The election is on February 11, and ballots started hitting Seattle mailboxes last week.
Initiative 1A would impose a tax on employers—5 percent on employee compensation above $1 million a year—to fund the construction and purchase of buildings for permanently affordable mixed-income housing. Renters making more money—up to 12o percent of Seattle’s median income—would pay higher rents, directly subsidizing lower rents for people who make less. The campaign estimates the tax would raise about $50 million a year.
Initiative 1B, the business-backed alternative, would take $10 million a year out of the city’s existing JumpStart payroll tax fund to pay for traditional, subsidized affordable housing for people making up to 80 percent of the Seattle median.
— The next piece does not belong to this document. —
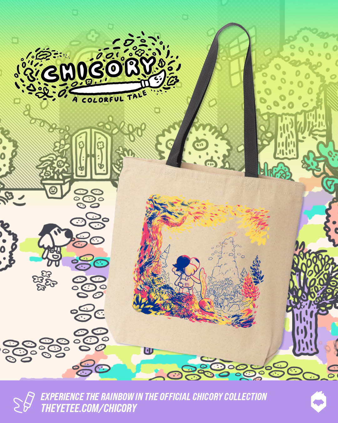 ANYWAYS, in celebration of our strange and beautiful little painting dog game turning 4, we’ve got a new tote bag to share with you!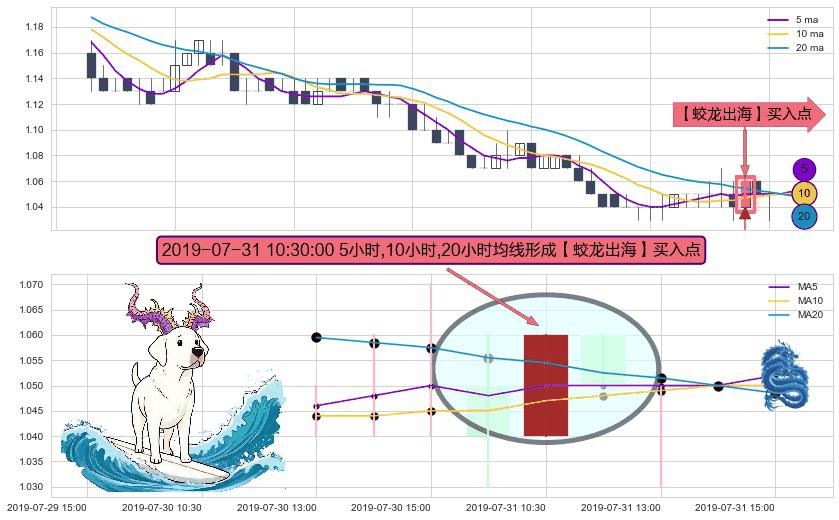 形态多维评估: ⚀ 2019-07-31 10:30:00小时显现 5小时-10小时-20小时均线 【蛟龙出海】买入点 看多信号,后市看涨,买入

The city has already used JumpStart’s unexpectedly high revenues, which were supposed to be dedicated to affordable housing, small business support, and other progressive priorities, to pay for general city functions, so this would be another instance of moving funds around without providing any additional resources for housing.

The mailers, which feature Mayor Bruce Harrell on the flip side, contain some extremely misleading numbers, buried inside a confusing math problem. (If 12 percent is reserved for people making up to $144,000 and 3 percent is reserved for people making up to “low-income,” how much is reserved for people between very low-income and $144,000?)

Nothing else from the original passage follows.